СИМПТОМЫ СТРАШНОЙ БОЛЕЗНИ
Опубликованный «Огоньком» диалог Александра Минкина с Александром Никоновым пробуждает чувства разнообразные, я бы сказал, смешанные. Вот Минкин говорит почти те же вещи, под которыми я бы мог подписаться, но очень настораживает базарность его тона. А еще возникает чувство протеста против его слов оттого, что это говорит именно он. Вспоминается известная запись Довлатова, когда тот пришел к Бродскому в госпиталь, увидел бледного и больного Иосифа Александровича и сказал, дабы его подбодрить: «Вы тут болеете, а Евтушенко выступает против колхозов!» На что Бродский ответил: «Если Евтушенко против, то я — за!» Ведь Минкин — представитель самой бульварной, самой разнузданной газеты! Той, где публикуется реклама проституток и публичных домов! Тут волей-неволей вспоминается и исторический анекдот, что, когда Анатолию Федоровичу Кони предложили вновь учреждаемую должность прокурора при жандармском корпусе, Кони сказал: «Помилуйте! Прокурор при жандармском корпусе все равно что архиерей при бардаке!»
Никонов же высказывает совершенно возмутительные вещи, и его слова как раз свидетельствуют, что современный мир поражен страшной болезнью.
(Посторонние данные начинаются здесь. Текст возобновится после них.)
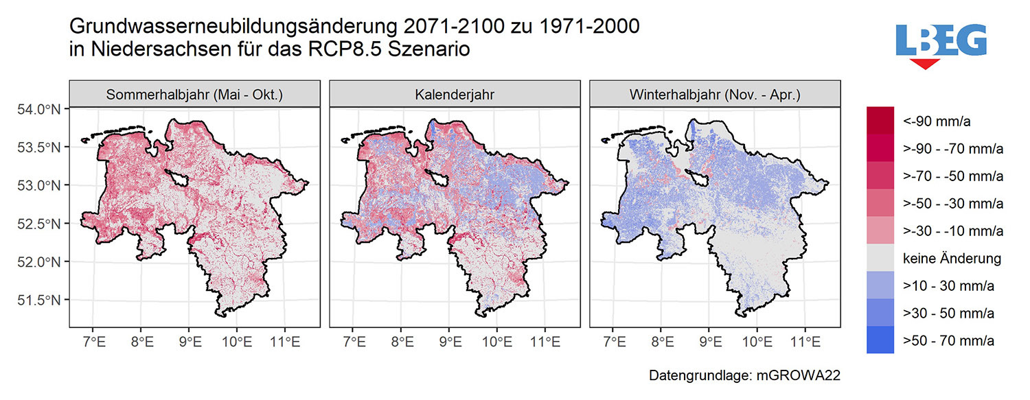 Das LBEG hatte unlängst das aufwendig novellierte Modell des monatlichen Großräumigen Wasserhaushalts (mGROWA) veröffentlicht und daraus zwei Multi-Modell-Ensembles berechnet, die ein Szenario mit intensivem Klimaschutz und ein Szenario ohne Klimaschutz für die Grundwasserneubildung im Zeitraum 2071-2100 zeigen. Im Ergebnis nimmt bei steigender Treibhausgasemissionen die Grundwasserneubildung im Sommerhalbjahr ab und im Winterhalbjahr zu.

По его словам видно, насколько из цивилизованного мира уходят остатки христианской морали, а, кроме того, демонстрируется то, что еще до сих пор в американской юриспруденции формулируется как невменяемость. Ведь там существует точная формулировка невменяемости, состоящая из двух пунктов: 1) неспособность отличить добро от зла и 2) непонимание последствий своих поступков. Поэтому когда кто-то приравнивает проститутку к медбрату или предложение наркотиков сравнивает с предложением стать альпинистом, то он демонстрирует невменяемость. Правда, в связи с тем, что политкорректность в США окончательно и бесповоротно победила, я предвижу, что кто-нибудь из современных юристов подаст в их Верховный суд соответствующий иск и формулировку эту отменят как неполиткорректную. Политкорректность вообще вещь чудовищная. Если так дело пойдет, то скоро президентом США будет негритянка-лесбиянка с пятью детьми, но не родными, а клонированными от китайца, эскимоса, индейца и так далее. Не потому, что эта негритянка умнее, талантливее и так далее, а потому, что лучше вписывается в политкорректную картину мира. А политкорректный взгляд на мир как раз и предполагает, что добро и зло — вещи относительные.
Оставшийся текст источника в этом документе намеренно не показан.